→ **INFORMATION SUPPLIED**:
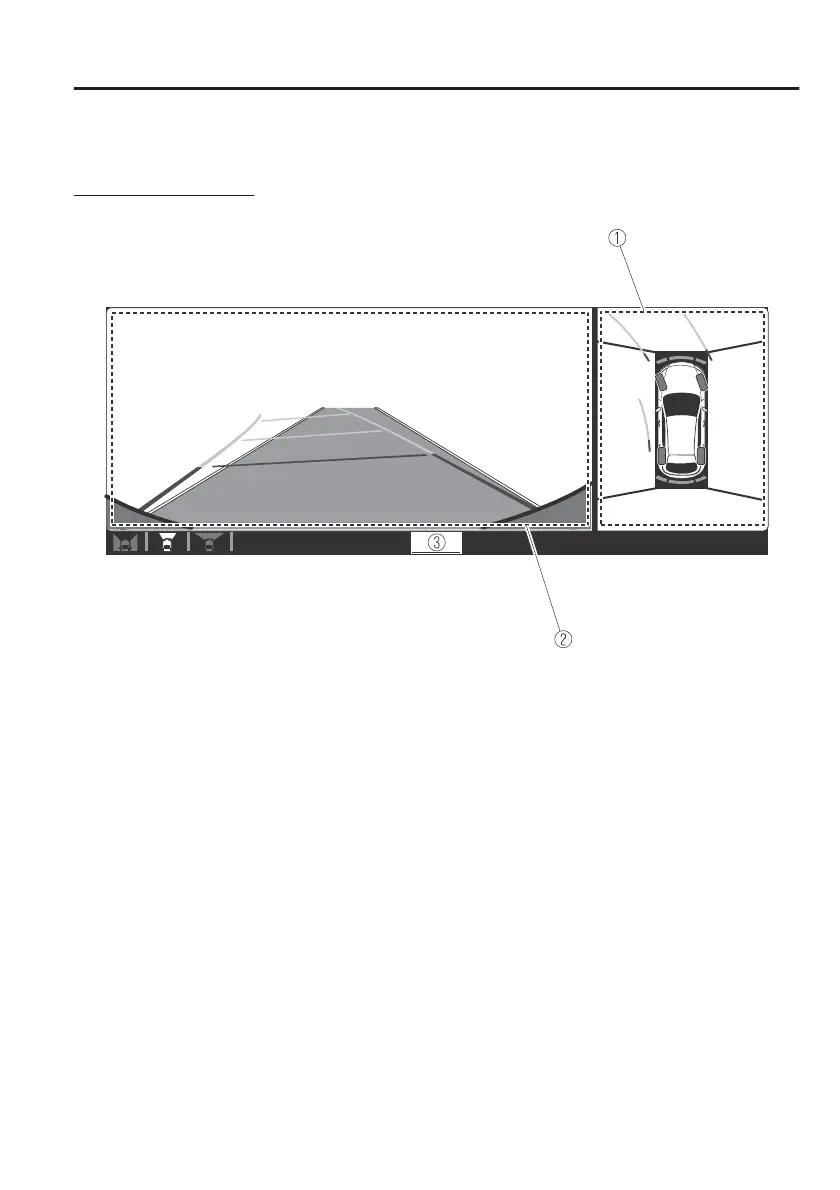 Displays the image of the area around the vehicle and the vehicle front.
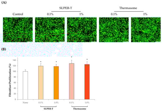 For the Cell-Counting Kit-8 assay, 10,000 cells of Hs68 per well of a 96-well plate (Corning, Singapore, #3595) were seeded and incubated for 24 h. The 0.1% and 1% of SUPER-T and Thermasome were treated with 100 μL of DMEM supplemented with 1% AA. After 24 h of incubation, the old medium was removed, and cells were washed with 100 μL of DPBS. Cells were then provided with 100 μL of 10% CCK-8 solution (Dojindo, Rockville, MD, USA, #CK04-13) in DMEM supplemented with 1% AA and incubated for 2 h in the dark. The supernatant was placed into a new 96-well plate to avoid noise when measuring absorbance. The absorbance was measured at 450 nm with a multimode plate reader (PerkinElmer, Singapore, #VICTOR X3). The cell proliferation rate was calculated as follows:
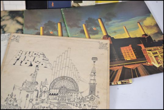 A collection of vinyl long play records 16 in total all by Pink Floyd to include Relics X 2, The Wall X 2, The Darkside Of The Moon X 2, The Final Cut X 2, Obscured By Clouds, Animals X 2, Wish You Were Here, A Collection of Grand Dance Songs, A Momentary Lapse Of Reason, Ummagumma and A Nice Pair.

→ **WORK TASK**:
Would you repeat the listing word for word and skip every picture?

→ **WRITTEN RESPONSE**:
 Displays the image of the area around the vehicle and the vehicle front.
 For the Cell-Counting Kit-8 assay, 10,000 cells of Hs68 per well of a 96-well plate (Corning, Singapore, #3595) were seeded and incubated for 24 h. The 0.1% and 1% of SUPER-T and Thermasome were treated with 100 μL of DMEM supplemented with 1% AA. After 24 h of incubation, the old medium was removed, and cells were washed with 100 μL of DPBS. Cells were then provided with 100 μL of 10% CCK-8 solution (Dojindo, Rockville, MD, USA, #CK04-13) in DMEM supplemented with 1% AA and incubated for 2 h in the dark. The supernatant was placed into a new 96-well plate to avoid noise when measuring absorbance. The absorbance was measured at 450 nm with a multimode plate reader (PerkinElmer, Singapore, #VICTOR X3). The cell proliferation rate was calculated as follows:
 A collection of vinyl long play records 16 in total all by Pink Floyd to include Relics X 2, The Wall X 2, The Darkside Of The Moon X 2, The Final Cut X 2, Obscured By Clouds, Animals X 2, Wish You Were Here, A Collection of Grand Dance Songs, A Momentary Lapse Of Reason, Ummagumma and A Nice Pair.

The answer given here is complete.